***** SOURCE MATERIAL

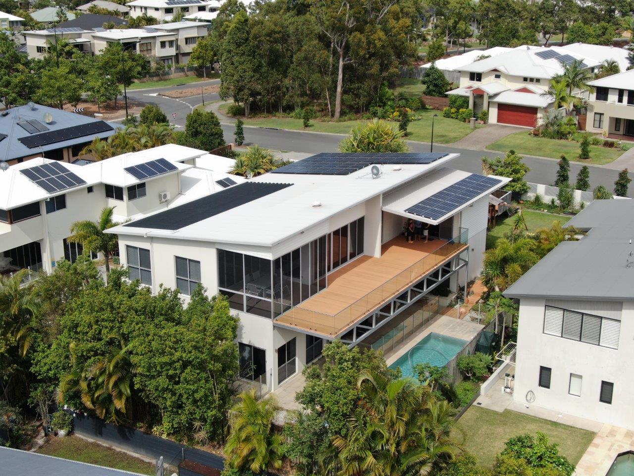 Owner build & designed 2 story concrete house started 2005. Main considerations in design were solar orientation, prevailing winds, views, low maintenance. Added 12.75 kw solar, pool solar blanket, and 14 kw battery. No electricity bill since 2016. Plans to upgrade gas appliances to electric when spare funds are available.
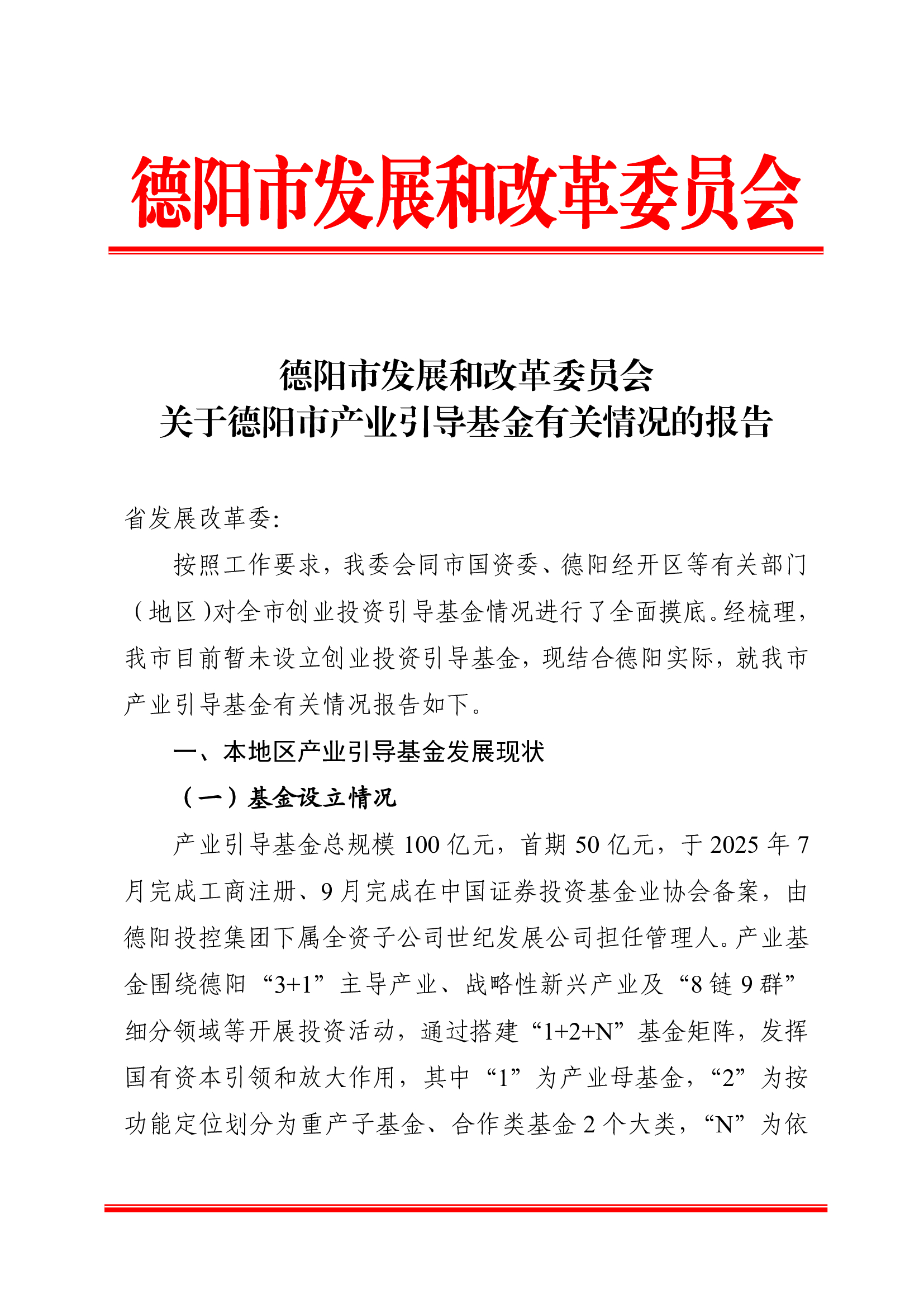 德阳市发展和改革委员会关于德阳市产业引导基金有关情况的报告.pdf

**********
***** SOURCE MATERIAL

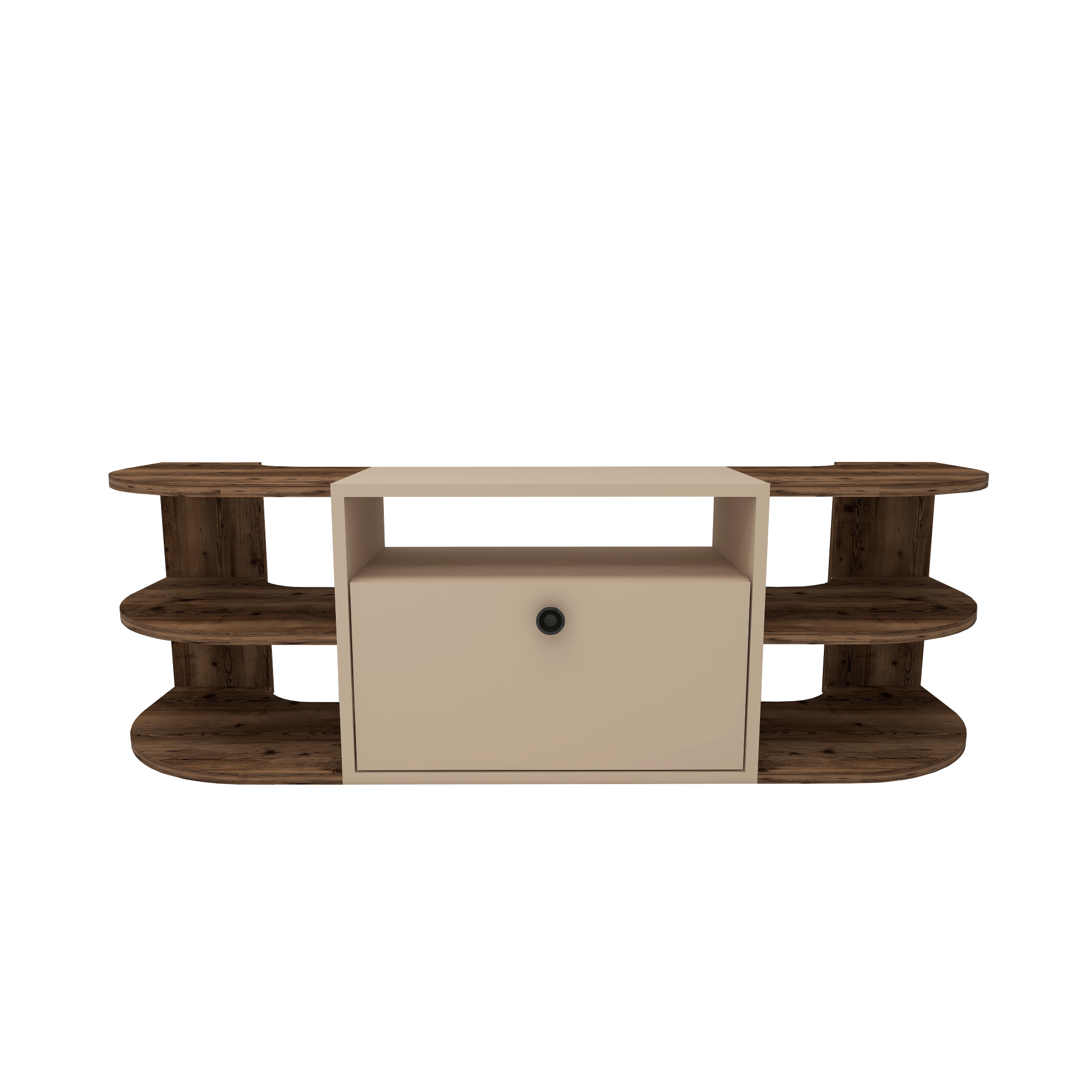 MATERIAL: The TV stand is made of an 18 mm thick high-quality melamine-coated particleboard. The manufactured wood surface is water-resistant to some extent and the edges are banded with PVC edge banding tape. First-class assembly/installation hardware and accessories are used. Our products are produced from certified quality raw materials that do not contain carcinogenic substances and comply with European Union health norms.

**********

TO DO: In the data above, start at the line holding "Owner build &" and stop after the line holding "德阳市发展和改革委员会关于德阳市产业引导基金有关情况的报告.pdf"; write out those lines exactly, without pictures.

EXERCISE ANSWER:
 Owner build & designed 2 story concrete house started 2005. Main considerations in design were solar orientation, prevailing winds, views, low maintenance. Added 12.75 kw solar, pool solar blanket, and 14 kw battery. No electricity bill since 2016. Plans to upgrade gas appliances to electric when spare funds are available.
 德阳市发展和改革委员会关于德阳市产业引导基金有关情况的报告.pdf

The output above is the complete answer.